= Howard Heemstra =

American architect

Howard Heemstra was an architect, professor of architecture, and photographer. He was born in Orange City, Iowa on December 22, 1928 and died in Ames, Iowa on July 22, 2011. He graduated from Northwestern Academy (1946), and Northwestern Junior College in Orange City in 1948 before earning a Bachelor of Architecture degree from Iowa State University in 1952.
After working briefly in Sioux City for an architecture firm Heemstra joined the US Army and served two years in the Korean War. After returning from abroad he applied for graduate studies to Harvard University and the Cranbrook Academy of Arts in Bloomfield, Michigan. Since he could not afford Harvard's tuition he enrolled at Cranbrook and earned his Master of Architecture degree in 1958. Heemstra worked twelve years as an architect before joining Iowa State University in 1966. He became a full professor in 1976 and continued to teach until his retirement in 2003, when he was named Professor Emeritus.

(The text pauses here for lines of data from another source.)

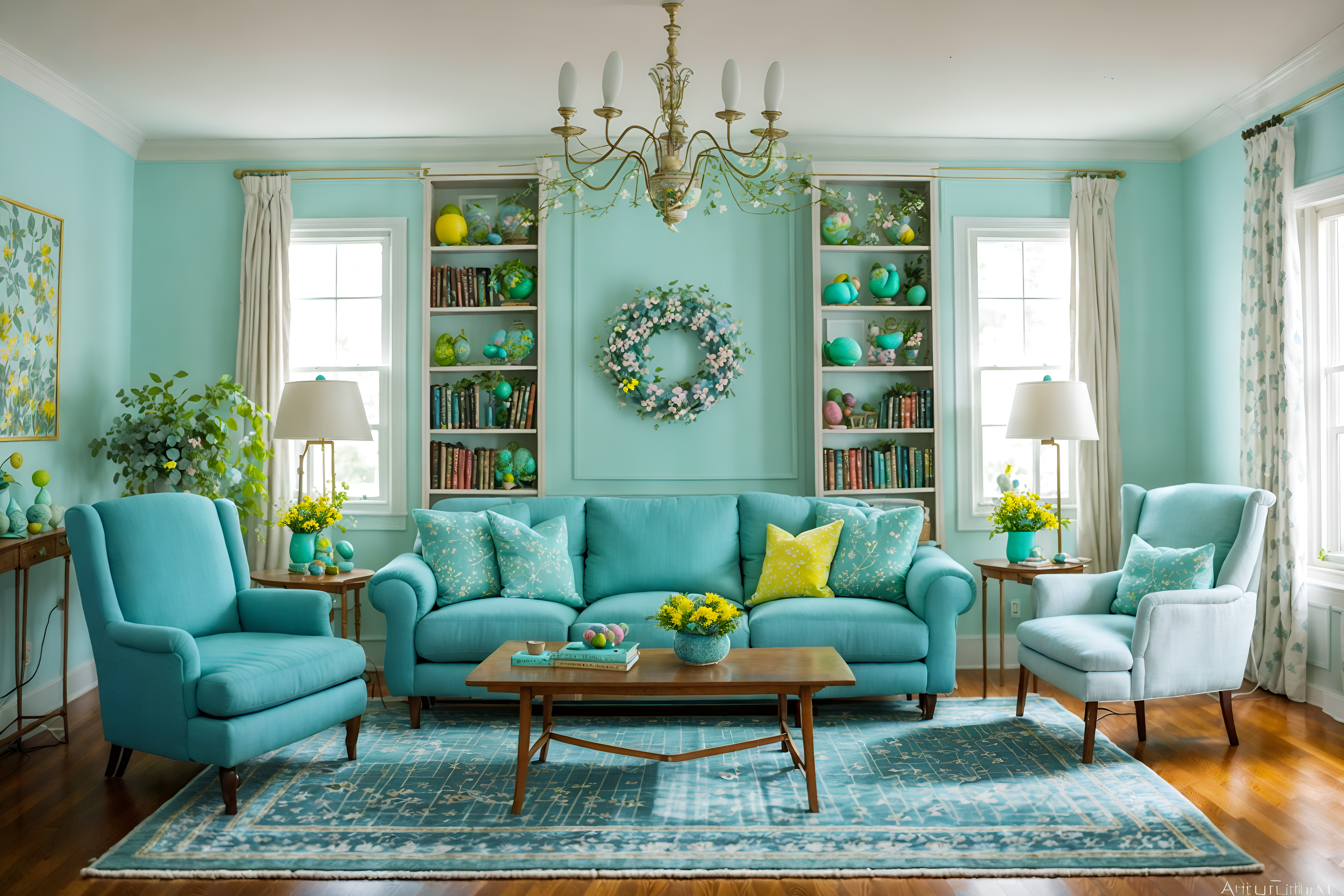 easter living roomsinterior decorate this living room with easter style. . . with furniture and sofa and bookshelves and coffee tables and electric lamps and plant and televisions and chairs. . with easter decorations and flowers on table and light blue colors and colorful easter eggs and spring decorations and easter decorations. . .
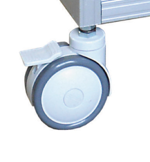 • Rodízios de 4’ (100mm) de diâmetro com garfo giratório em nylon poliamida natural. Duas rodas dotadas de freio total, cor padrão do freio vermelho.
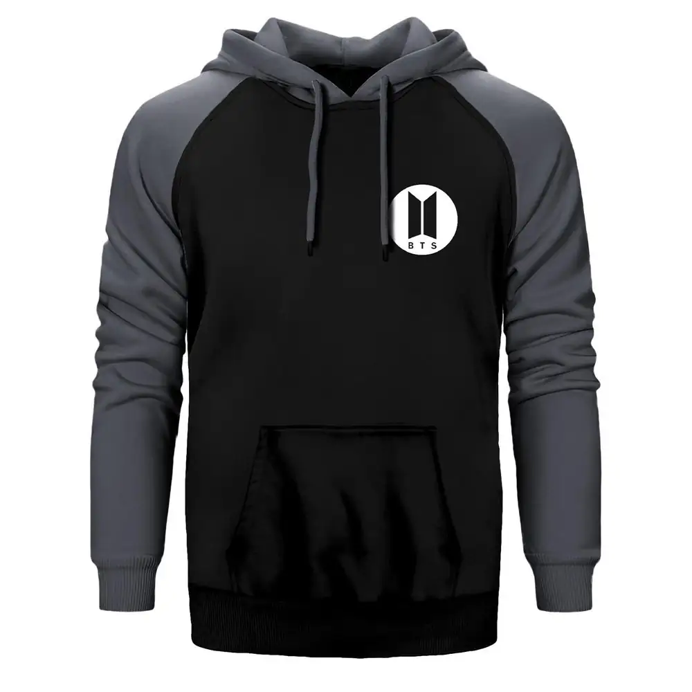 BTS Circle Logo Hoodie, Double Color Raglan Sleeve Grey Sweatshirt
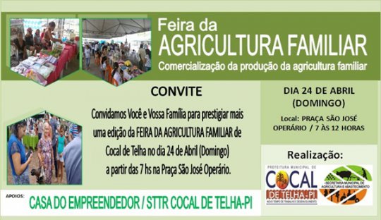 Prefeitura de Cocal de Telha, através da Secretaria Municipal de Agricultura e Abastecimento e em parceria com o Sindicato dos Trabalhadores Rurais do município e Casa do Empreendedor realizará no próximo domingo, dia 24 de Abril na Praça São José Operário, a partir das 7 horas da manhã, a 3ª Feira da Agricultura Familiar.
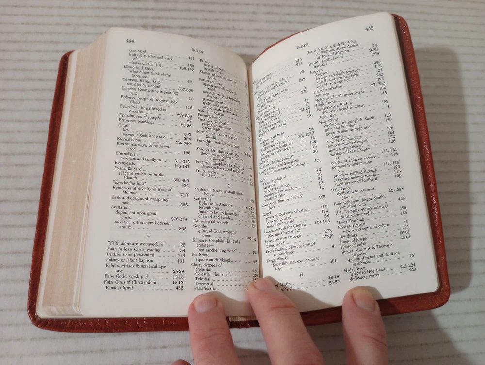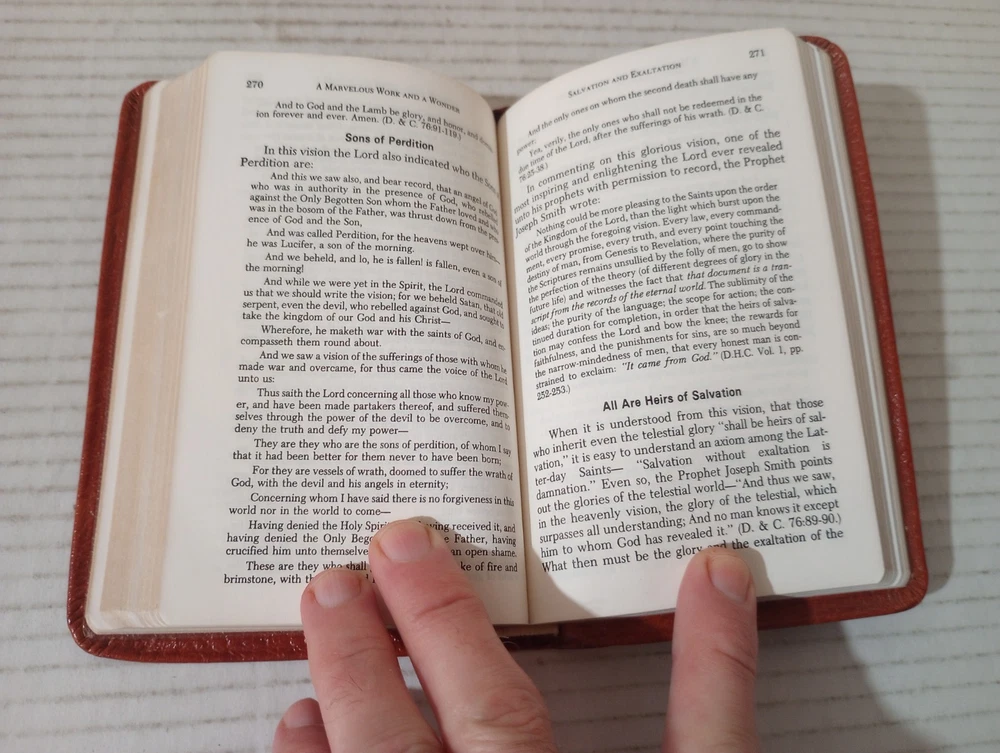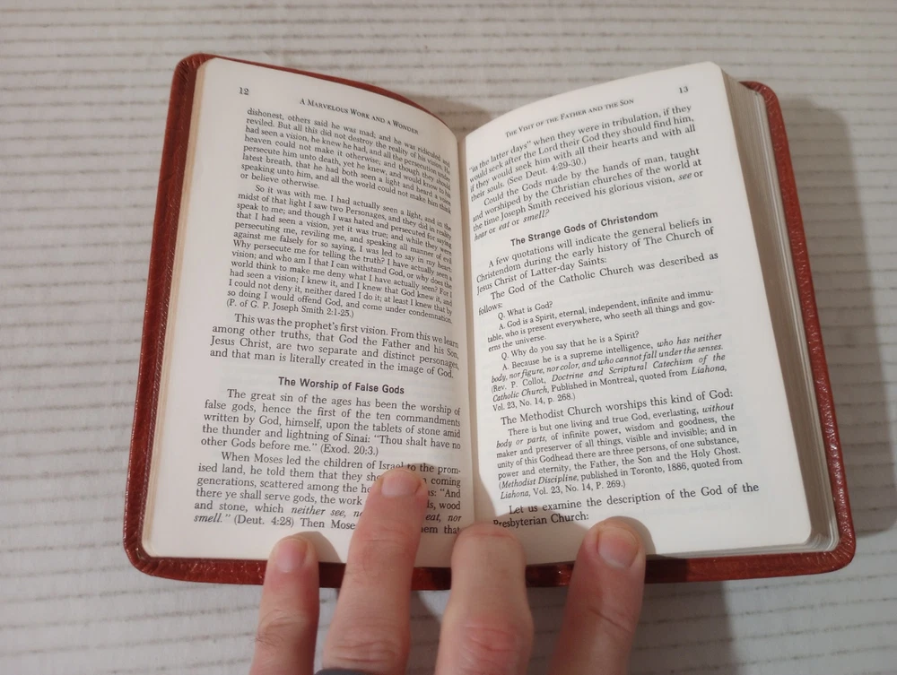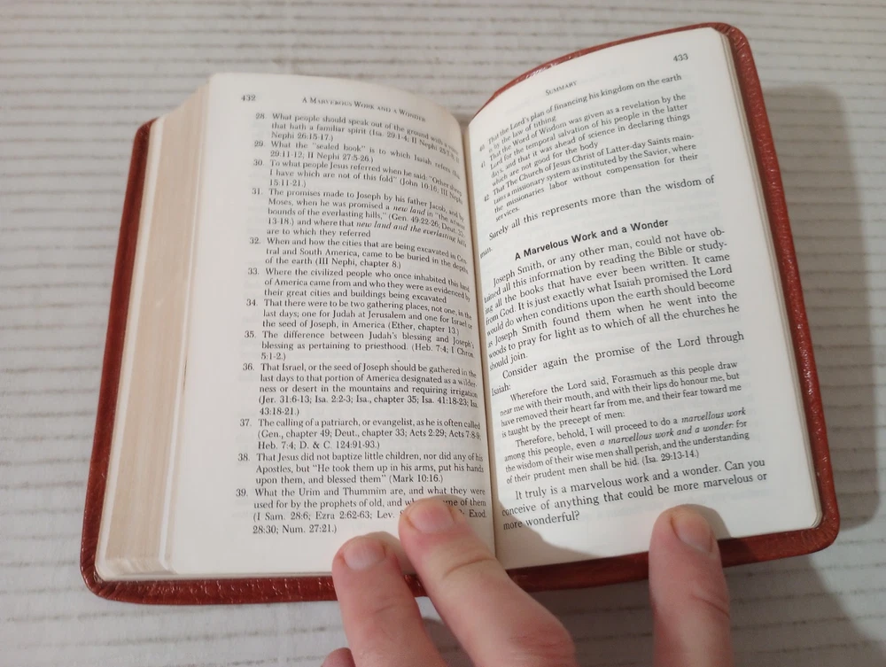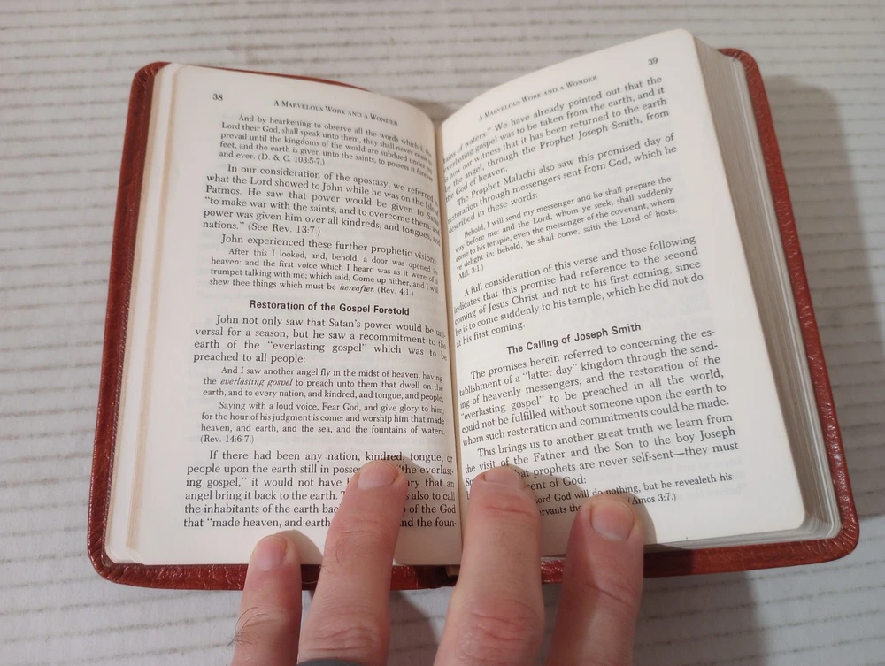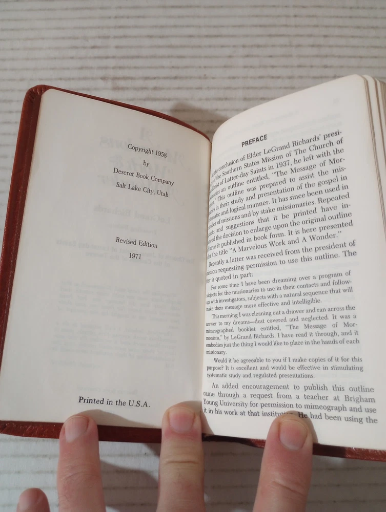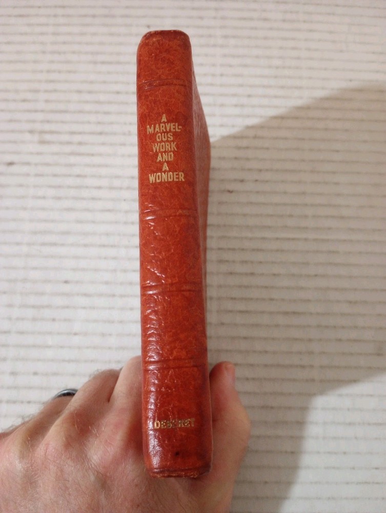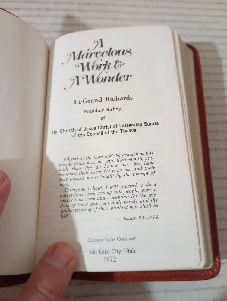 A Marvelous Work And A Wonder By LeGrand Richards Pocket Leather 1972 LDS Mormon. -Cover shows moderate wear. -Name of previous owner on cover. -No writing on pages. -No missing pages. -Please review all photos for details of condition and content. -Shipped with USPS Media Mail or Priority Mail. -Also available for local pickup. We welcome offers counter offers and negotiation. We do not work Sundays. Thank you for your time!
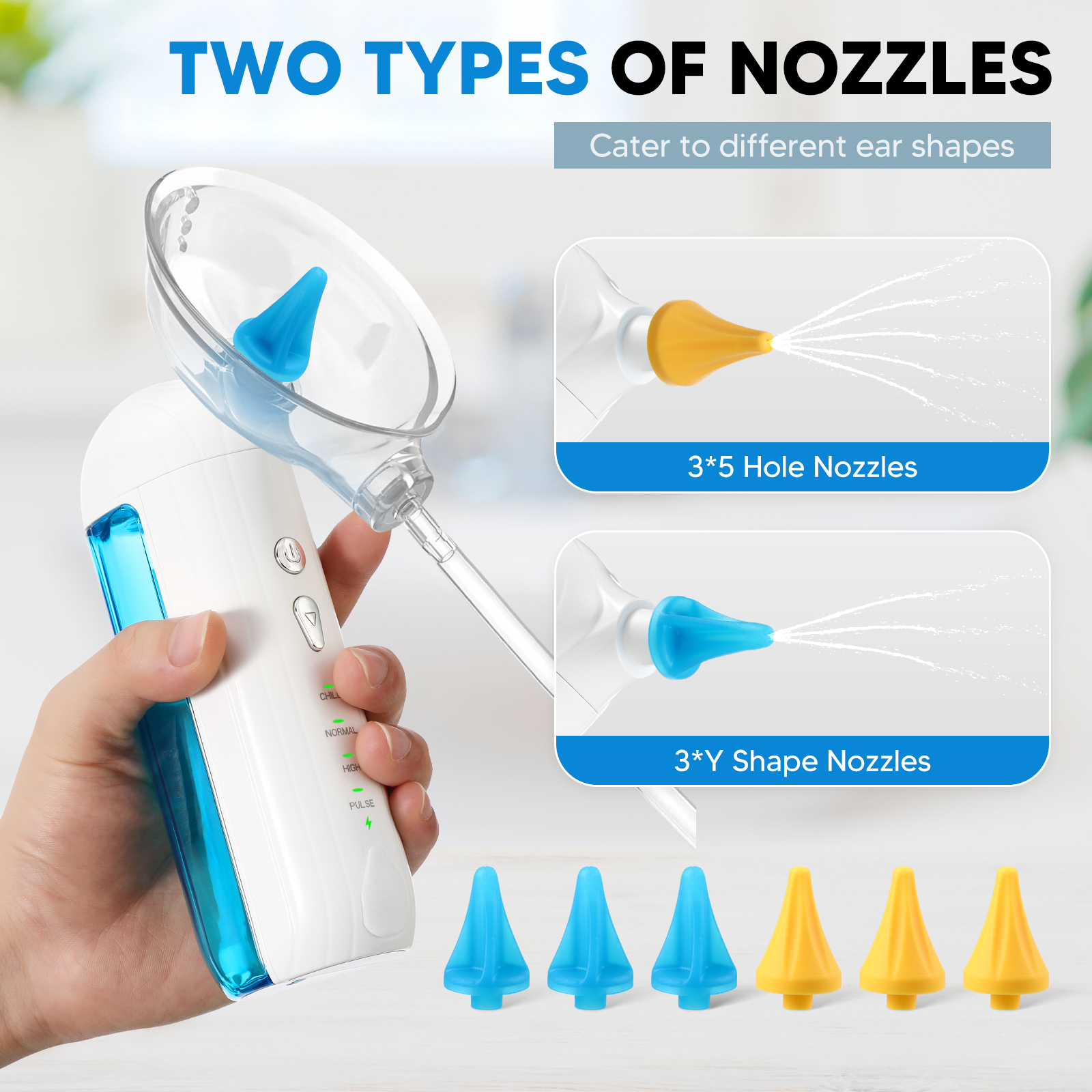 πππ©π₯ππππππ₯π ππ’π₯π’ππ¨π§π ππ¨π³π³π₯π: Electric ear wax removal kit includes three 5-hole and three 3-hole soft silicone nozzle that can be easily replaced to prevent unhealthy ear problems caused by different users. 5-hole nozzle gently rinse the entire ear canal with 5 streams of water, while 3-hole nozzle provide a more concentrated stream of water for deeper ear wax cleaning.
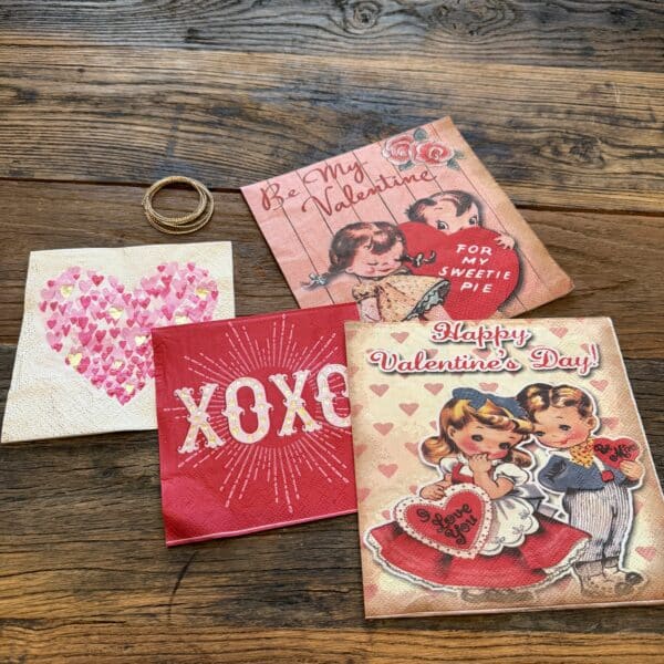 In this Hanging Heart Vintage Valentine Craft Kit you will receive 3 galvanized metal hearts, 4 napkins with the vintage valentine prints, 2 napkins with heart print, 2 napkins with XOXO print and 36″ of gold cord to use for the hangers. These hearts turn out adorable and would look great on a tree or fireplace mantle. There is a video on my Facebook and YouTube page on how make the vintage valentine hearts.
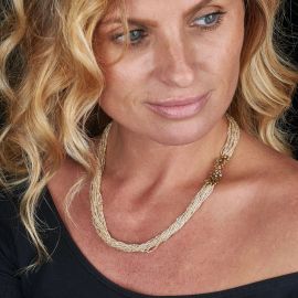 fermatura in oro giallo 18kt, impreziosita da diamanti taglio brillante per ct 0.50 circa, lungh. cm 43, gr. 21
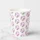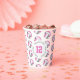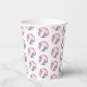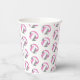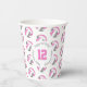 Estas tazas de papel de fiesta de cumpleaños con tema de voleibol presentan varias bolitas de voleibol estilizadas rosa, gris y blanco dispuestas en un sencillo patrón de caída - el texto en un círculo blanco se puede personalizar, actualmente el número 12 para representar la edad de un niño rodeado por las palabras "Feliz cumpleaños" - de katz_d_zynes
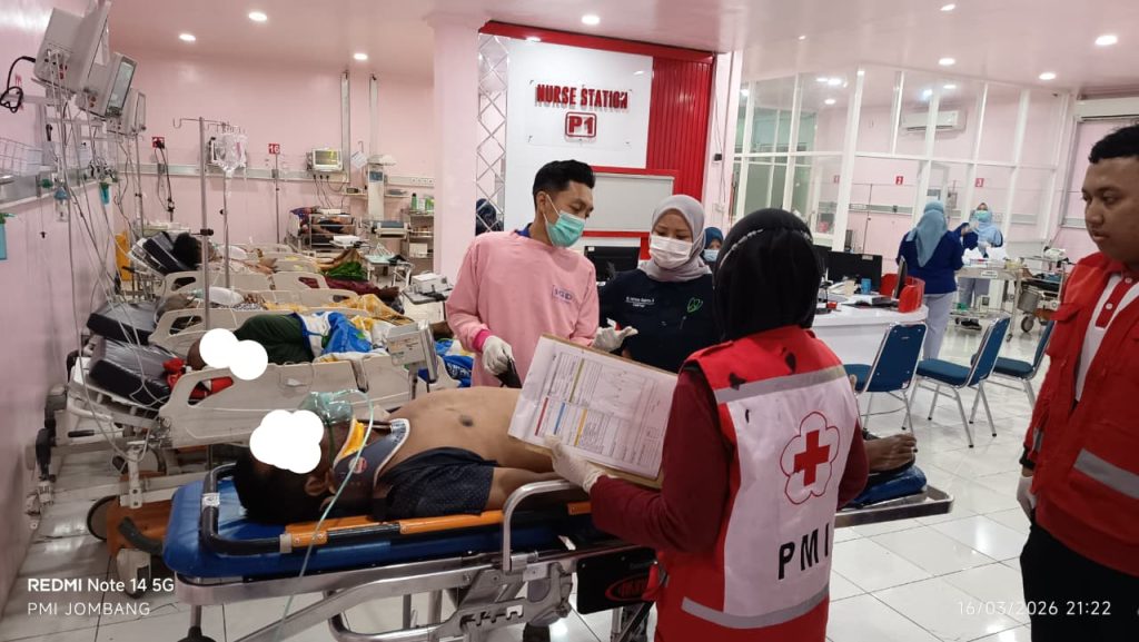 Dalam penanganan kejadian ini, PMI Kabupaten Jombang menurunkan satu unit ambulans dengan tiga personel yang terdiri dari satu driver dan dua petugas medis. Seluruh proses penanganan dilakukan sesuai dengan prosedur pertolongan pertama pada kasus trauma kecelakaan lalu lintas guna memberikan penanganan cepat dan aman bagi korban.

Heemstra worked at Ray Crites' architectural office in Cedar Rapids when the commission for Stephens Auditorium, part of the Iowa State Center on the Iowa State University campus, came to the firm, and he was the project architect for the building which was completed in 1969. Stephens Auditorium was selected as the "Building of the Century" by the Iowa chapter of the American Institute of Architects in 2004.